First click on My Sessions in My Data to enter the page.

image


Create a new project.

image

Click on the newly created project to enter the visualization page, and click add custom tracks below the picture to upload your own data.

image

You can also set the data type of the species, genome and reference genome information. If the reference genome information needs to be converted, it can be realized through LiftOver (the conversion between hg19 and hg38).


image


1 Upload of data


Browser supports bigBed, bigChain, bigGenePred, bigMaf, bigPsl, bigWig, barChart, bigBarChart, BAM, VCF, BED, BED detail, bedGraph, broadPeak, CRAM, GFF, GTF, MAF, narrowPeak, Personal Genome SNP, PSL, or WIG The upload of other file formats is mainly divided into direct submission through the web page and upload through the URL link of the server.

Due to the large number of data types, the BED file that can be uploaded directly is used as an example to introduce:

The BED file consists of 3 columns of required information and 9 additional optional information. The three columns of required information are: chromosome, starting position, and ending position. The other 9 additional information are as follows:

image

The first line of the BED file is the setting of this item, including name, description and color. The choice of Color can choose different colors according to the RGB color parameters. The data uploaded to the BED file cannot reflect the changes, heights and other phenomena of the data, and can only display the area information of the data. Therefore, more advanced settings are required, that is, the color of the area is set to distinguish the size of the data. This function is the itemRgb option in the 9th column of the BED file. It should be noted that if the information in the 9th column is to be used, the previous columns of information must also exist and cannot be vacant.

image

After saving, click go to visualize on the genome, you can find the data of the region of interest, and judge the size of the methylation value according to the shade of the color.

image

The simplest format only requires the first three columns to upload and view, and data in other formats can also be converted into BED format for upload.
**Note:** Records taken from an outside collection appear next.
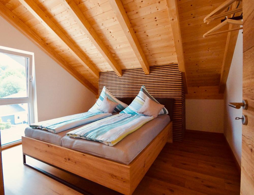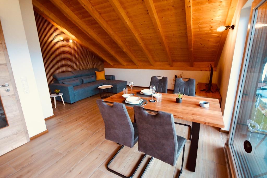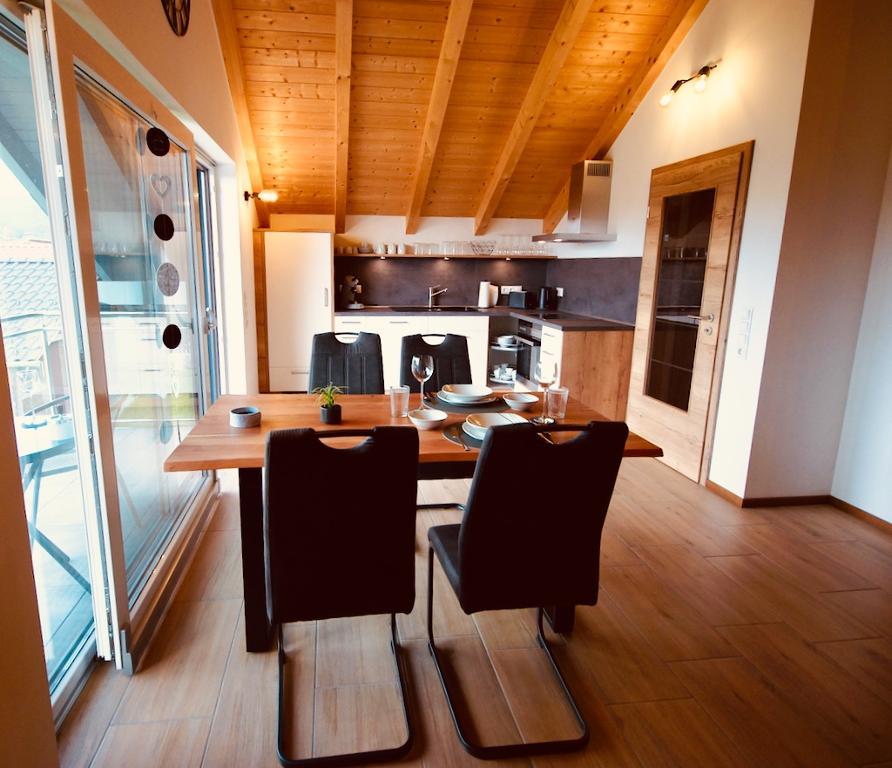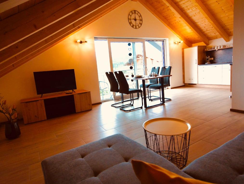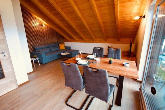 Unsere Dachgeschoss Wohnung Geißkopf umfasst ca 74qm und besticht durch den Sichtdachstuhl, die liebevolle Ausstattung und Dekoration.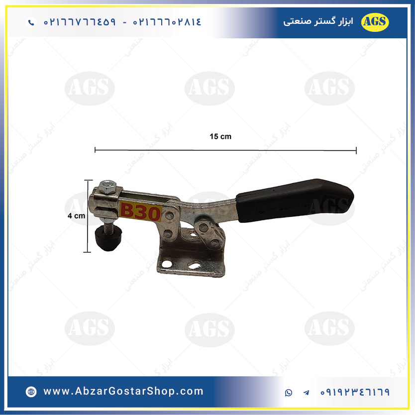 کلمپ فشاری با توجه به نوع طراحی خاص اهرمها ظرفیت نگهداری و فشار بیشتری روی قطعات دارد این نوع کلمپ نیز با توجه به نیاز کاربر شامل سایز بندی میگردد که کلمپ B30 کوچکترین سایز این گروه می باشد.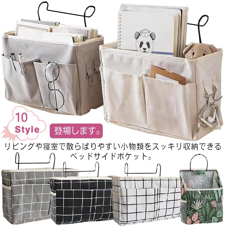 収納ラック ベッドサイド 吊り下げ 多 A-グレー A-アイボリー A-ホワイトチェック A-グレーチェック A-ブラックチェック B-グレー B-ホワイト B-植物 B-ホワイトチェック B-グレーチェック

When the file size exceeds 50M, it is not recommended to upload data through the web page. At this time, a URL link is required, usually bigBed, bigWig, bigGenePred, BAM and VCF format data. Let's take bigWig format as an example.

bigWig is a binary compressed file converted by a file in wig format, and a wig file is also a file containing regional information similar to a BED file. Generally, a wig format file can be generated after MACS peak detection. The wig format can be uploaded directly, but it is recommended to convert it into a bigWig file for upload if it exceeds 50m. The conversion command is as follows:

wigToBigWig input.wig chrom.sizes myBigWig.bw (If there is an error that exceeds the length of the chromosome, you need to edit the chromosome information to increase the length)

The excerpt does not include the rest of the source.